All I needed was for a passenger to fall over because I asked them to stand. And if that did happen, the screener would be vilified and the official p.r. spin would be that he needed “additional training.”
As low-quality as many of the screeners are, they are just cogs in a system in which, the author maintains, “common sense has no place.” They are required to enforce the rules invented by Washington bureaucrats, no matter how ridiculous they may seem and how inappropriate — not to mention unconstitutional — their enforcement may be. No wonder the agency is forced to settle for people who couldn’t even get a job flipping burgers; anyone with enough intelligence to do that relatively simple task would soon go nuts trying to make sense of what the TSA asked him to do. Indeed, notes the author, when the TSA does make good hires, these people “just don’t last because they can get a normal job.”

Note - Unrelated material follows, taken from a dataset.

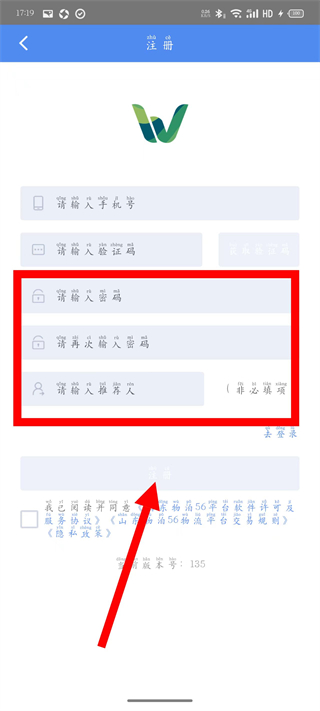 4、设置密码、确认密码,勾选同意相关协议后,完成注册。

As bad as all of this is, it might be worth enduring if it actually made air travel safer. Unfortunately, it doesn’t. It merely gives the appearance of safety. Prohibited items — and probably prohibited people — get by the TSA all the time. In February, to pick one such instance, “an undercover TSA inspector with an improvised explosive device stuffed in his pants got past two security screenings at Newark Airport — including a pat-down — and was cleared to get on board a commercial flight,” the Post reported. Newark, by the way, was the origin of United Airlines Flight 93, one of the planes hijacked on 9/11.

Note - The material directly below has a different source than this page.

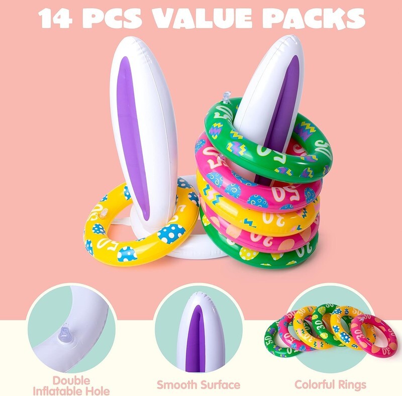 Easter Inflatable Bunny Ears Ring Toss Game(2 Set 12 Rings)

The former TSA screener doesn’t believe the agency’s actions improve airport security, either: “We always said it’s not a question of if terrorists get through — it’s a question of when. Our feeling is nothing’s happened because they haven’t wanted it to happen. We’re not any big deterrent. It’s all for show.”
If something does happen, one can be reasonably sure that it won’t convince the politicians in Washington to abolish the TSA; on the contrary, they will probably expand its powers. After all, on 9/11 all airport security in the country had followed the standard operating procedures dictated by Washington, and Washington’s response was to create the TSA. And after every near miss since then — the “shoe bomber,” the “underwear bomber” — the government has further restricted individuals’ freedoms and widened the TSA’s authority. It’s not much of an exaggeration to suggest that we’re just one incident away from having to fly naked.
Before something happens, it might be a good idea for every congressman and senator to peruse the ex-screener’s article and then consider whether the cost in taxes and liberty is worth it just to give their constituents a false sense of security.